# Modern Data Science 
**(Module 05: Deep Learning)**

---
- Materials in this module include resources collected from various open-source online repositories.
- You are free to use, change and distribute this package.

Prepared by and for 
**Student Members** |
2006-2018 [TULIP Lab](http://www.tulip.org.au), Australia

---


# Session A - Neural Embedding

**The purpose of this session is to introduce vector space models (VSMs), called Word2Vec, that represent (embed) words in a continuous vector space where semantically similar words are mapped to nearby points. In this practical session, we present the following topics:****

1. Learning vector representation of words using Gensim, a Python implementation of word2vec. 
2. Conducting an extrinsic evaluation of the word vectors through using them to build features in a sentiment classification of movie reviews.

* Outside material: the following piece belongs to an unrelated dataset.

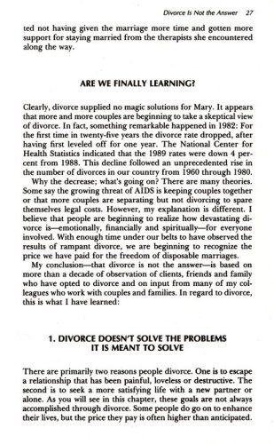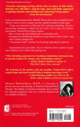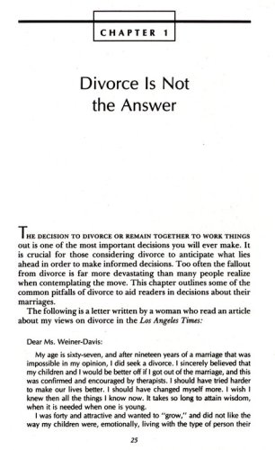 Using case histories to illustrate her marriage-enriching, divorce-preventing techniques, which can be used even if only one partner participates, Weiner-Davis shows readers:

** References and additional reading and resources**
- [Vector Representations of Words](https://www.tensorflow.org/tutorials/word2vec)
- [Word2Vec word embedding tutorial in Python and TensorFlow](http://adventuresinmachinelearning.com/word2vec-tutorial-tensorflow/)
- [Word2Vec Resources](http://mccormickml.com/2016/04/27/word2vec-resources/)


---





## 0. Preliminaries

This section will instruct you to install the necessary software packages used in this notebook and initial introduction to datasets which are used throughout this practical session.

### 0.1. Installing Gensim

Gensim is a free Python library designed to automatically extract semantic topics from documents. It is one of main libraries for handling textual data which is introduced in this and some consequence sessions. However, in this session, we only use Word2vec implementation from this library. 

To install gensim, from the command line, you can run:

``pip install gensim``

However, you are also able to install packages in notetbooks using `!` notation before the commands as follows:


In [None]:
# you only need to run this command once to install gensim
!pip install gensim

If Gesim is already installed, you will be noticed.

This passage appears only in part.